Read All Who Go Do Not Return Online
Authors: Shulem Deen
Tags: #Biography & Autobiography, #Religious
On the third day, I snapped. “Stop acting like a child,” I said.
She broke her silence with a scream: “A TELEVISION …
IN MY HOME!
”
It burst from her like a force of nature. A shriek that even she could not have anticipated. For a moment, her face contorted into something grotesque, and then she turned away, toward the kitchen sink, a dish towel in her hand. Behind the sink was a window, and she stood there, her controlled posture from behind looking almost peaceful, as if she was gazing out at the birds, at the sky. From the tiny tremors of her body and her shoulders, though, I could tell that she was sobbing. A moment later, she ran from the kitchen, hiding her face in her arm, and locked herself in our bedroom.
The violence of Gitty’s reaction shook me. Over the years, she had begun to accept that I had changed. We had just passed a decade of marriage. For our tenth anniversary, we spent a rare night out, dining at a kosher Italian restaurant in Monsey. We had learned a lot about each other, how to stay out of the other’s way when things were tense and draw closer when the mood was light. There was little passion between us, but there was real feeling. And sometimes, even love.
Still, conflicts constantly arose. Barely a week passed when our differences would not stand in contrast, and each time, I felt resentment all over again toward those who had brought us together.
“This isn’t how I married you,” she would say, sometimes in anger but also on occasion tenderly, her eyes pleading. “It’s not fair,” she would say, and a single tear would trickle down the curve of her nose.
And yet, we’d made it work so far. I imagined that, as with the radio and books and movies and the Internet, the TV would be just another boundary to cross, not easily but inevitably.
I had misjudged. Television was a taboo so entrenched that to violate it was nearly inconceivable. Television was the symbol of all the outside culture we were meant to avoid. The Internet might have become the real culprit for corrupting minds, but the television had been, for decades,
de tumeneh keili.
The profane vessel. So abhorrent that many would not even utter its name.

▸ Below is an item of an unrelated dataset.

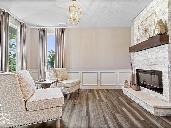Tucked at the start of a quiet cul-de-sac, this beautifully updated home offers privacy, space, & style in one of Noblesville's most convenient locations. A long driveway leads you to a spacious 3-car garage & a welcoming covered front porch- perfect for morning coffee or evening chats. Step inside to find thoughtful design throughout, beginning w a flex room that features a custom stone electric fireplace & elegant wainscoting, offering a cozy yet versatile space. Durable LVP flooring flows through the main lvl into the open-concept living rm, where a bump-out adds extra square footage & gives a more custom, airy feel. The wall of built-ins adds both character & functionality, while new light fixtures & motorized blinds elevate the ambiance throughout. The kitchen has been completely refreshed w new quartz countertops, an oversized island, & custom wet bar complete w a wine fridge - ideal for entertaining. From the main living area, you'll enjoy views of the tree-lined backyard, a private & peaceful retreat. Outside, the oversized patio & fire pit offer the perfect setting for gatherings or quiet evenings. The almost 1/2 acre lot is fully fenced, professionally landscaped w irrigation. Back inside, don't miss the oversized pantry, tucked-away desk space (ideal for work or homework), & the cleverly designed playroom under the stairs, to use for play or storage. Upstairs, the enormous loft w custom built-ins, provides space for a lg second living area or playroom. All 4 spacious bedrooms feature walk-in closets w wainscoting & trim detail. The primary suite offers double sinks, a separate tub and shower, & a generous walk-in closet. The secondary upstairs bathroom also features double sinks, making mornings much easier. Huge laundry upstairs to add to the convenience! Located near the Noblesville/Westfield boarder w quick access to schools, shops, & parks. This 5-yr-old home feels better than new - premium lot + $100k in custom updates + location = perfection

I was almost prepared to return the TV to Costco, but a few days after Gitty’s outburst, we talked it over. She was still angry but also forgiving. “If you want to keep it,” she said, “I won’t stop you. But I will
never
watch anything with you. And don’t you dare let the children see it.”
She said it as if she knew what was coming—that once she gave in, I would not be content to transgress alone but would try to get her to join me, and then I’d try to reel in the kids. This had happened before. When I first began to watch movies, renting DVDs from Blockbuster and playing them on my laptop computer in the darkness of our dining room, she refused to join me. For months, I would ask, plead, tease, promise to choose something with no objectionable content, no nudity or violence or profanity, until finally she relented, even as she swore that we would never let our children join us, ever.

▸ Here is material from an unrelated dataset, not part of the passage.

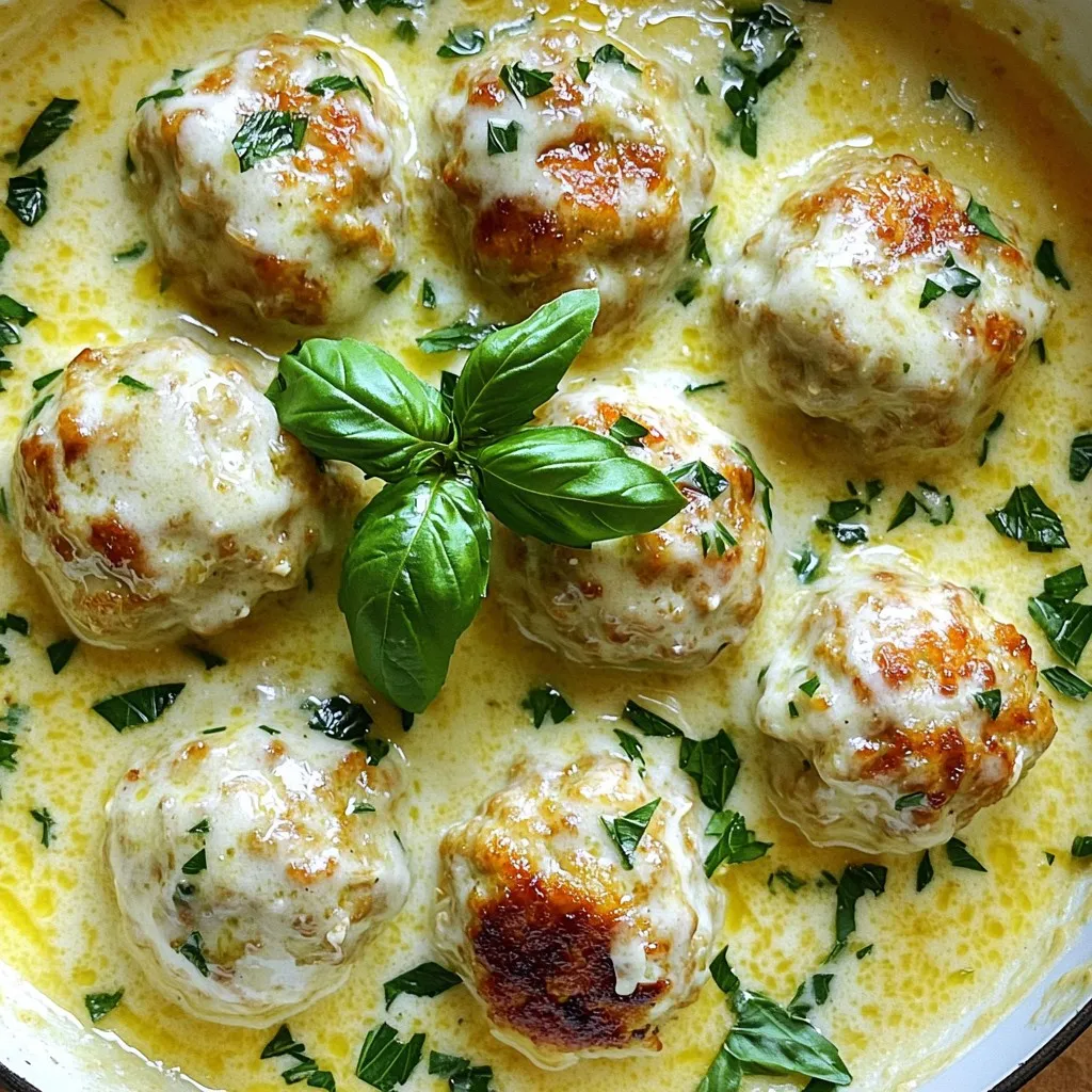 Serve your meatballs over pasta or rice. The sauce coats them well. You can also pair them with garlic bread for a delicious meal. Fresh basil adds a nice touch on top. It brightens the dish and adds aroma. For a side, consider a fresh salad. It balances the creaminess with crunch and freshness.

The old computer cabinet in our dining room had been sitting empty for a while. I had purchased it seven years earlier, with double doors and a lock to hide the computer on Shabbos. Now it would serve as a home for the television set. I would keep it locked at all times, and the children would never know.
I soon began to spend an hour or two each night in our dining room, alone with the TV. Mostly I watched the news, and occasionally one of the late-night talk shows, but really, I was fascinated by all of it, in the same way that I had once been fascinated by the radio. I was riveted by soap operas and public-access programming and late-night infomercials. “Order now, for only $99, and get the full set of Frank Sinatra videos on VHS!” What a deal!
As Gitty grew accustomed to the TV’s presence, I grew bolder.
“Want to watch something with me?” I asked her one night.
She shook her head coolly, refusing even to entertain the notion.
But eventually, she gave in. One night, as I sat alone in the dining room, she opened the door. “Can I join you?” Her expression was bashful. From then on, each night after the children went to bed, we would lock the doors and windows, draw the curtains, and sit together in the corner of our dining room in front of the small television set, the volume on near-mute to avoid raising suspicion with the Greenbergs through the wall.
We would watch whatever was on:
Friends, Charlie Rose, Eyewitness News, Big Brother.
There were no guilty pleasures—we were guilty for all of it:
Masterpiece Theatre
and
Jerry Springer, Nightline
and
American Idol.
Everything, all of it, was part of America’s great crescendo of profanity.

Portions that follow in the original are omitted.